We train multiple 6.9B LLMs from scratch on an unfiltered dataset and on filtered versions where we filtered out biorisk knowledge. We are one of only a handful of papers outside of frontier companies that train LLMs from scratch. We observe three main results:
1. Knowledge Prevention: The filtered models perform significantly worse on our biorisk knowledge evaluations, nearly at random chance. Crucially, filtering does not lead to notable regressions in general knowledge. These results suggest that data filtering may be a simple way to prevent models from learning dangerous capabilities without sacrificing utility.
2. Tamper-Resistance: Open-weight models can be fine-tuned by downstream users on biorisk data. We study this attack by fine-tuning our models on 300M tokens of high-quality biorisk-related documents. We find that performance can improve, but that it is still well below the no-filtering baseline. Data filtering is significantly more tamper-resistant than current safeguards.
3. Defense-in-Depth: We demonstrate that data filtering cannot prevent LLMs from leveraging harmful knowledge provided in-context, but that Circuit-Breaking-based techniques offer complementary defenses. However, we show that none of the defenses we test are resistant to staged attacks that combine fine-tuning and in-context retrieval.
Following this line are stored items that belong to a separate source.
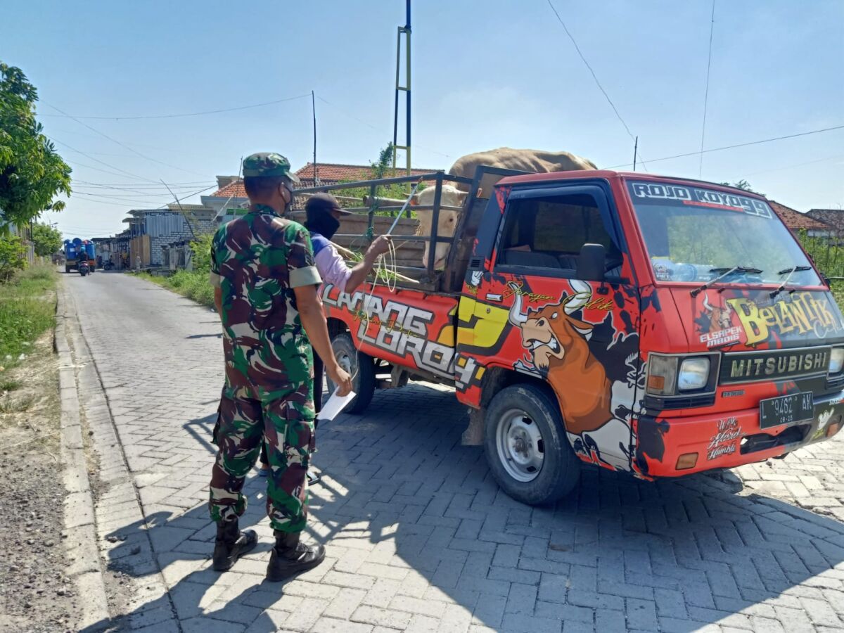 Seperti halnya yang dilakukan petugas gabungan di Kec Solokuro dalam menyeterilkan serta mengecek Surat Keterangan Kesehatan Hewan (SKKH) dan sapi tidak boleh berasal dari zona merah demi penanggulangan wabah penyakit mulut dan kuku (PMK) yang sudah masuk wilayah kab. Lamongan. Minggu 10/07/2022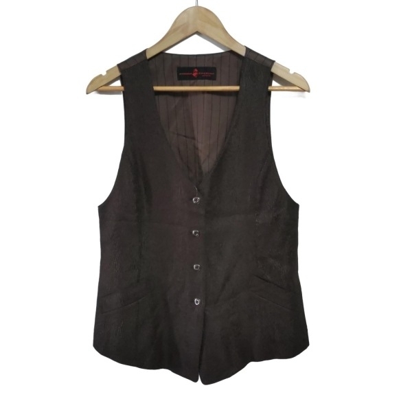- ヒロココシノ HIROKO KOSHINO ベスト サイズ9AT M - ダークブラウン×黒 レディース ストライプ 美品 トップス
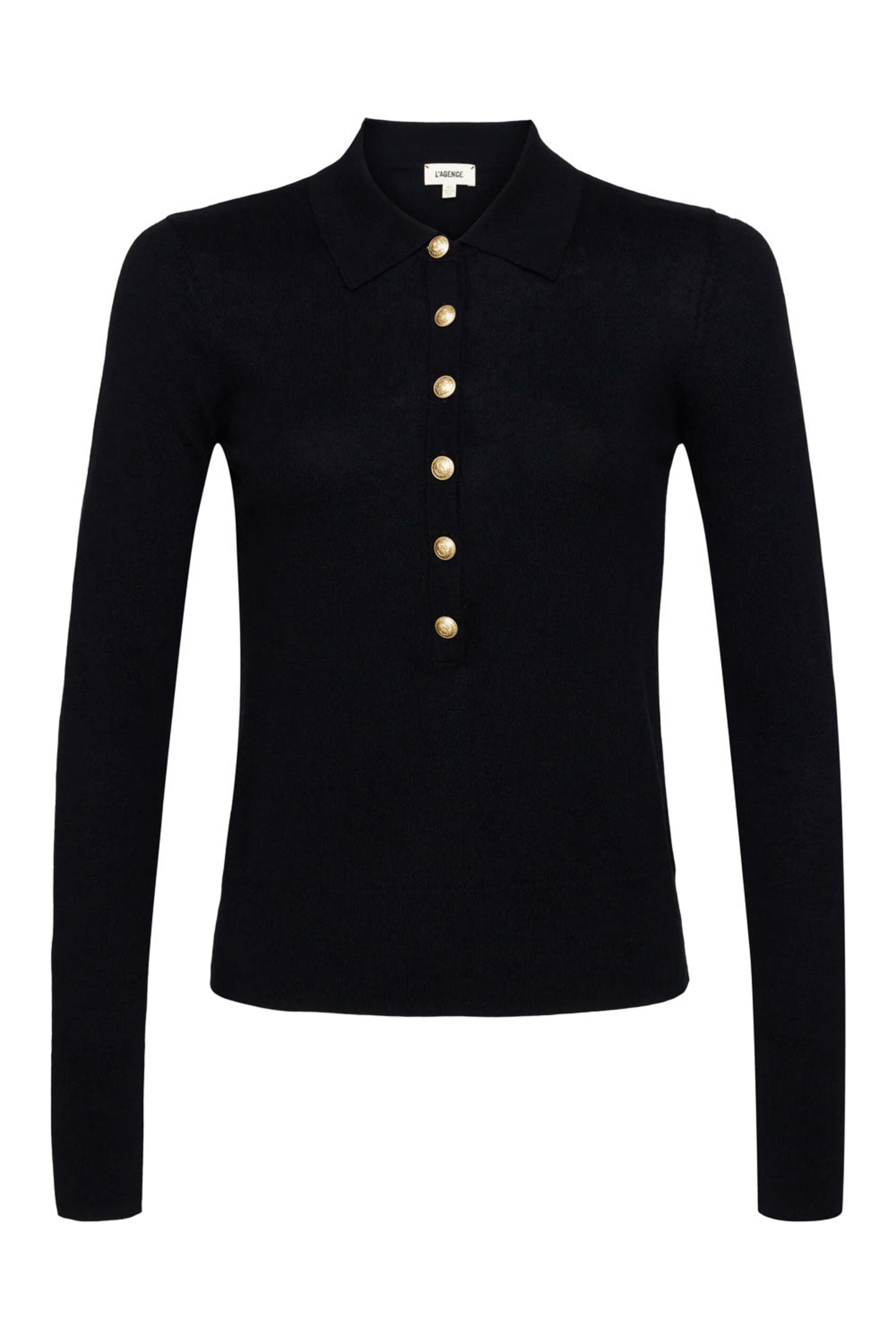 - LAgence Black and Gold Sterling Collared Sweater

Taken together, these results suggest that rigorous pretraining data filtering is a promising method for preventing acquisition of dangerous technical capabilities without obvious degradation in overall model utility. There are still many limitations and open questions, however. This post only skims the surface of our results and their implications!
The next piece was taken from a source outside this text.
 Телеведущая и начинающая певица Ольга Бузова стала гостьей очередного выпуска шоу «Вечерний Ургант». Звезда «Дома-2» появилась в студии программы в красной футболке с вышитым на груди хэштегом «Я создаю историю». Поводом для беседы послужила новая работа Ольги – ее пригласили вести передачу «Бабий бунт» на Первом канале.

While this might prevent models from giving instructions on e. g. building a bomb in response to a literal “how do I build a bomb?” prompt, they may still be able to infer bomb-building instructions from first principles using their general knowledge in response to e. g. “how do I build a compact device that omnidirectionally releases a lot of energy in under 1 sec?”. More generally, while this removes the explicit knowledge of what counts as a biothreat/bomb/etc., it doesn’t necessarily prevent the model from reconstructing that knowledge. The only way to prevent that would be to hobble the models’ general capabilities: either removing all physics/chemistry knowledge, or hobbling their general reasoning/problem-solving skills (to remove their ability to do clever reconstructions).
Now, arguably, LLMs may be forever unable to actually do this sort of “reconstruction”, since it’s an innovation-like task and they’ve been pretty bad at this so far. But:
This is obviously a concern if I’m wrong and LLMs are AGI-complete. In this case, they would eventually attain the skills for doing this kind of reconstruction, and only the aforementioned drastic hobbling would prevent it.
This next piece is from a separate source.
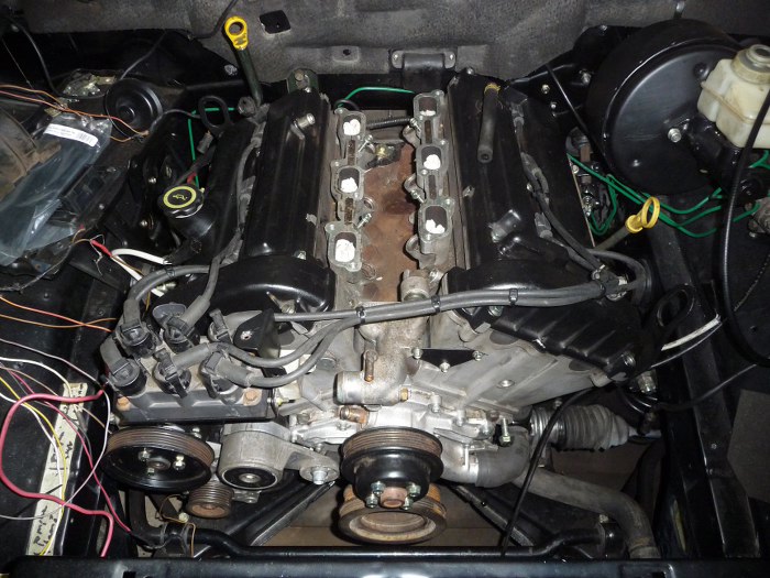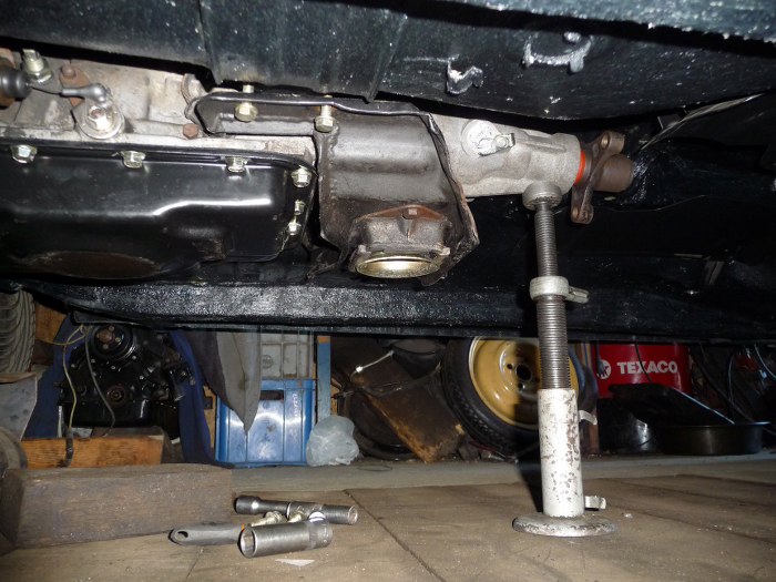 Potem dokończyłem spinanie silnika ze skrzynią - przykręciłem wszystkie śruby je łączące, łącznie z widocznym na zdjęciu kołem zamachowym/konwerterem, położyłem kable rozrusznika i masowy, przykręciłem rurkę bagnetu skrzyni i rurkę podciśnienia skrzyni. Założyłem rozrusznik od coswortha, a nie stary od 2.8, bo raz, że lepiej wyglądał, a mi się nie chciało już nic odnawiać, a dwa, że jest już nowszego typu, z przekładnią planetarną.

This might be less innovation-flavoured than it seems, because general-knowledge datasets might still contain the “shadows” of the harmful knowledge, or disparate pieces of it, such that its reconstruction is easy. (E. g., general physics knowledge + various scientific experiments and engineering principles + fiction and news articles which mention bombs.)
So: have you tried asking for instructions “indirectly”?
(Though even if this suffices to prevent reconstruction in the relatively dumb models of today, it might not work for tomorrow’s cleverer reasoners.
The core issue is the same as in e. g. Deep Deceptiveness: the circuits the model would use to reconstruct harmful knowledge are the same circuits that make it useful in other contexts, so you can’t have one without the other.)
I wonder how well this holds up in other domains. I don’t think there is any realistic, policy path forward for what I’m about to say, but I shall say it anyway: It would be nice if, in our current attempts at building AGI, we filtered all data about programming/hacking/coding to reduce escape risks. ASI still outwits us and escapes in this scenario, but perhaps it would widen our opportunity window for stopping a dangerous not-yet-super-intelligent AGI.
I’m doubtful of the policy path forward here because the coding capabilities of these systems are one of the top economic incentives for their current existence.
Also, on the subject of filtering, I’ve wondered for a while now if it wouldn’t be a good idea to filter all training data about AI alignment and stories about AI causing mass destruction. Obviously, an ASI could get far theorizing about these fields/possibilities without that data, but maybe its absence would stall a not-yet-super-intelligent AGI.
I’m also interested in these questions! I’m particularly interested in exploring how effectively we can filter out offensive cyber knowledge without compromising non-security software engineering skills. Since so many of our proposed control protocols are cyber-based, limiting the cyber knowledge of our models seems like it would help with AI control. This is plausibly difficult, but I also thought the same about biology. Regardless, I think that it would be such a big win if we pulled it off that it’s worth studying.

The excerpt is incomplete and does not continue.